--- Records supplied Enclosed Below ---

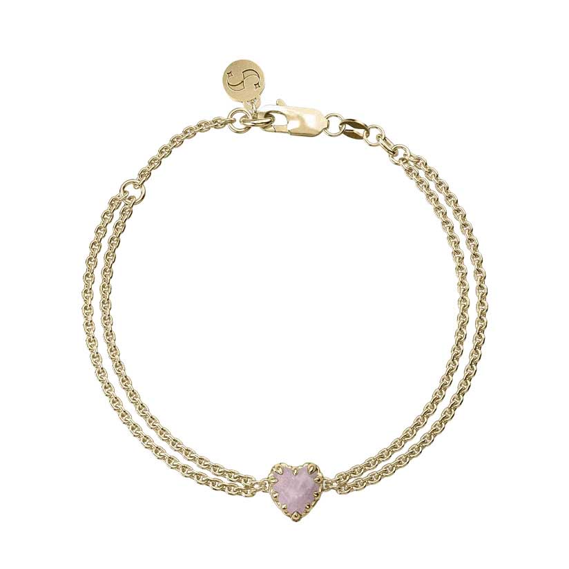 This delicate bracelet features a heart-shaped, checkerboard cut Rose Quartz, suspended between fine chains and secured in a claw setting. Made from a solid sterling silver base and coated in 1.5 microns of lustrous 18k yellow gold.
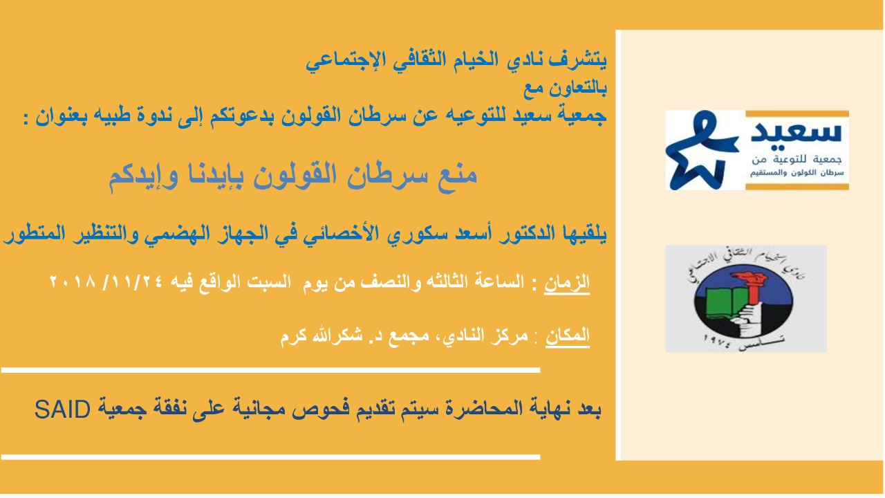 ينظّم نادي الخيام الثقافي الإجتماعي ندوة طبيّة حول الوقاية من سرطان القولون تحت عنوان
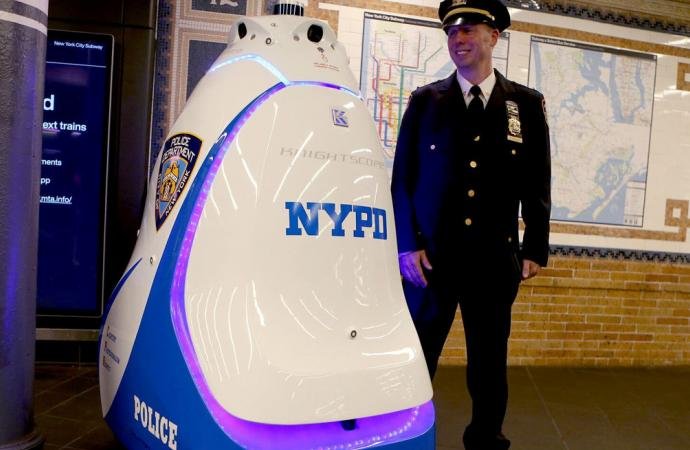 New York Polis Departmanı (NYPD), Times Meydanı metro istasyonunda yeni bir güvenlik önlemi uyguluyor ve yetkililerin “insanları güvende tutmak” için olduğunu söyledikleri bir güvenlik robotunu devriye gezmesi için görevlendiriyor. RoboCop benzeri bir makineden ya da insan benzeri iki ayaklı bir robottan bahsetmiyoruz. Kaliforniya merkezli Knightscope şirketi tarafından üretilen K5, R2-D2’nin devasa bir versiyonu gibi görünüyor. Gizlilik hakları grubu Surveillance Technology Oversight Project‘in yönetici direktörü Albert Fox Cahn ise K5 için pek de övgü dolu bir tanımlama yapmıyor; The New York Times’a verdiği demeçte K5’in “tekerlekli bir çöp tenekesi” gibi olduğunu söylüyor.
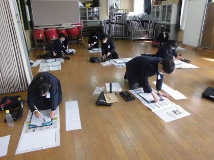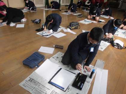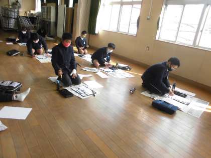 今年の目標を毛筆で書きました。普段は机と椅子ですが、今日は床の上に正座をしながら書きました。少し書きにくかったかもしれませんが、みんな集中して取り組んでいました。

--- End of Enclosed Records supplied ---
--- Records supplied Enclosed Below ---

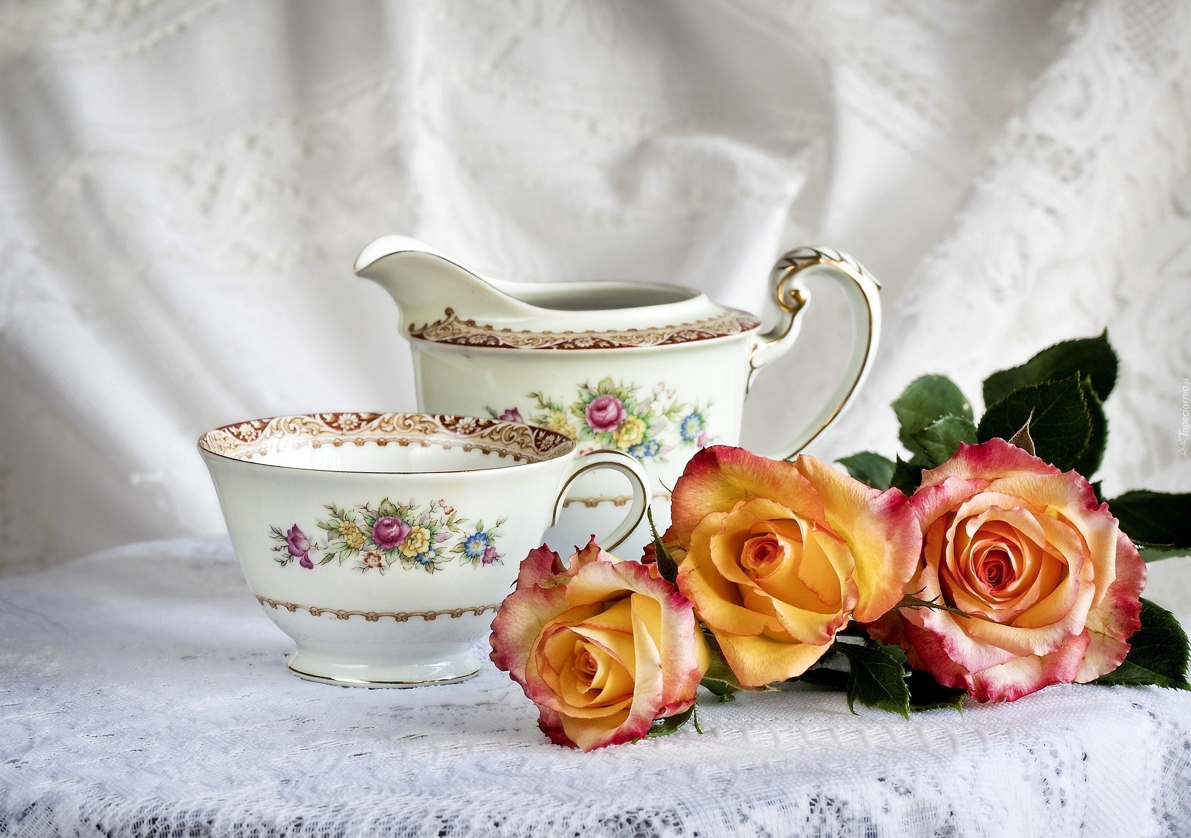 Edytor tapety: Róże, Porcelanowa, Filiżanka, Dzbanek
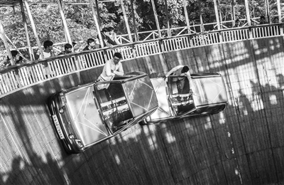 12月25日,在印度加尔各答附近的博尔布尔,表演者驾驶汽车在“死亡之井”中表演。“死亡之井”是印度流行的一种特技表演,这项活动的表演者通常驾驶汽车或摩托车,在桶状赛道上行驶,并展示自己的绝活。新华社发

--- End of Enclosed Records supplied ---
--- Records supplied Enclosed Below ---

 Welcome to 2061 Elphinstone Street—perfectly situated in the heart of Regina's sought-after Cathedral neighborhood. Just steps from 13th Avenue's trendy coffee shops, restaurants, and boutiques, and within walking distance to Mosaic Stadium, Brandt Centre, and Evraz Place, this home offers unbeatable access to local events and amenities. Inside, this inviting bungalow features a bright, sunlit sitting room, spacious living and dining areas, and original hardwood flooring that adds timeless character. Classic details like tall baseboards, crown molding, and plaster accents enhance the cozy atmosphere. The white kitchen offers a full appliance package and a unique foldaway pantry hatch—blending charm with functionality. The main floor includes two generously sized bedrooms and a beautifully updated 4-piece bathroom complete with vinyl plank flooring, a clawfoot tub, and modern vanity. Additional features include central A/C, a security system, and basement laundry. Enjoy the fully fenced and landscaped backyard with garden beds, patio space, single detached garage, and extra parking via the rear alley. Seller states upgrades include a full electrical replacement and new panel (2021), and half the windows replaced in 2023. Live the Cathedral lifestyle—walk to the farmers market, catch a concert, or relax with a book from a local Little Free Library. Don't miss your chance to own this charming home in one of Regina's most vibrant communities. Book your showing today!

--- End of Enclosed Records supplied ---

For this task, return exactly the stretch of the listing above from the line with "This delicate bracelet" through the line with "今年の目標を毛筆で書きました", inclusive and without pictures.

 This delicate bracelet features a heart-shaped, checkerboard cut Rose Quartz, suspended between fine chains and secured in a claw setting. Made from a solid sterling silver base and coated in 1.5 microns of lustrous 18k yellow gold.
 ينظّم نادي الخيام الثقافي الإجتماعي ندوة طبيّة حول الوقاية من سرطان القولون تحت عنوان
 New York Polis Departmanı (NYPD), Times Meydanı metro istasyonunda yeni bir güvenlik önlemi uyguluyor ve yetkililerin “insanları güvende tutmak” için olduğunu söyledikleri bir güvenlik robotunu devriye gezmesi için görevlendiriyor. RoboCop benzeri bir makineden ya da insan benzeri iki ayaklı bir robottan bahsetmiyoruz. Kaliforniya merkezli Knightscope şirketi tarafından üretilen K5, R2-D2’nin devasa bir versiyonu gibi görünüyor. Gizlilik hakları grubu Surveillance Technology Oversight Project‘in yönetici direktörü Albert Fox Cahn ise K5 için pek de övgü dolu bir tanımlama yapmıyor; The New York Times’a verdiği demeçte K5’in “tekerlekli bir çöp tenekesi” gibi olduğunu söylüyor.
 今年の目標を毛筆で書きました。普段は机と椅子ですが、今日は床の上に正座をしながら書きました。少し書きにくかったかもしれませんが、みんな集中して取り組んでいました。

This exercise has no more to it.